After the Debt Ceiling Kabuki ends, this will still be the reality, indeed almost certainly worse. For as Paul Krugman writes, "No We Can't" is the new motto of the Beltway:

[A] destructive passivity has overtaken our discourse. Turn on your TV and you’ll see some self-satisfied pundit declaring that nothing much can be done about the economy’s short-run problems (reminder: this “short run” is now in its fourth year), that we should focus on the long run instead.

This gets things exactly wrong. The truth is that creating jobs in a depressed economy is something government could and should be doing. Yes, there are huge political obstacles to action — notably, the fact that the House is controlled by a party that benefits from the economy’s weakness. But political gridlock should not be conflated with economic reality.

Our failure to create jobs is a choice, not a necessity — a choice rationalized by an ever-shifting set of excuses.

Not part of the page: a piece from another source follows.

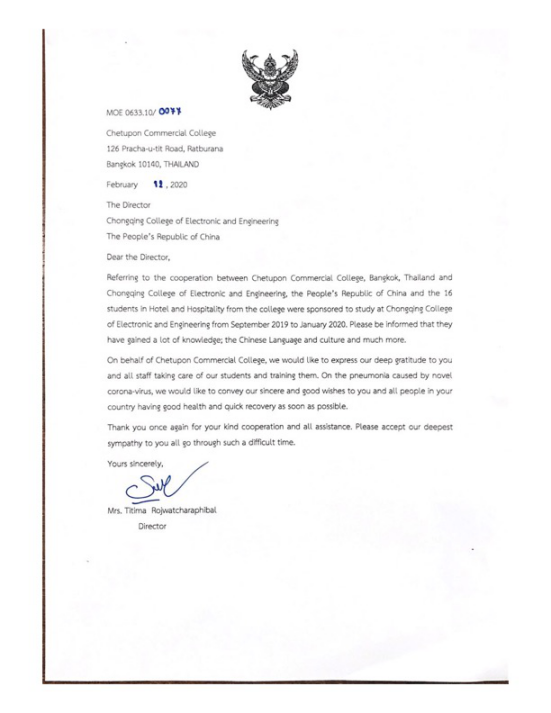 学校所做工作得到留学生和所在国家的高度认可,泰国分校(泰国曼谷切都蓬商学院)发来函电,对本学年通识教育与国际学院对泰国留学生的教育教学工作和生活细心照顾表达肯定与感谢,对后续的留学生汉语言教育和专业学习情况表示乐观,对于此次疫情下的新型教学方式表示赞同和支持。同时表达了对疫情下的全校师生生命安全与身体健康的高度关注与关切,希望疫情平顺度过。巴基斯坦学生李梓凡、老挝学生阿秀、土库曼斯坦学生迪丽、吉尔吉斯斯坦学生王力等都向学校老师表达了对中国的关切,感谢学校老师在疫情期间对他们的关心和帮助,同时他们相信中国很快就能战胜疫情。

Of course the Obama Administration is not the only, or the main, culprit, here. But it is a culprit. On economic policy, the Obama Administration has failed the Nation and it has failed Democratic values.

Maybe there is nothing more they can do now and maybe it is important that they play their cards this way to avert something worse after 2012. But what happened in 2009 and 2010? Why was the first stimulus so inadequate? Why was there not more stimulus through reconciliation in the budget? And why did the Treasury Department do HAMP instead of helping homeowners?

Yes, in the end, the buck stops with the President, but the President's top economic advisor, Treasury Secretary Tim Geithner, has been a disgraceful failure.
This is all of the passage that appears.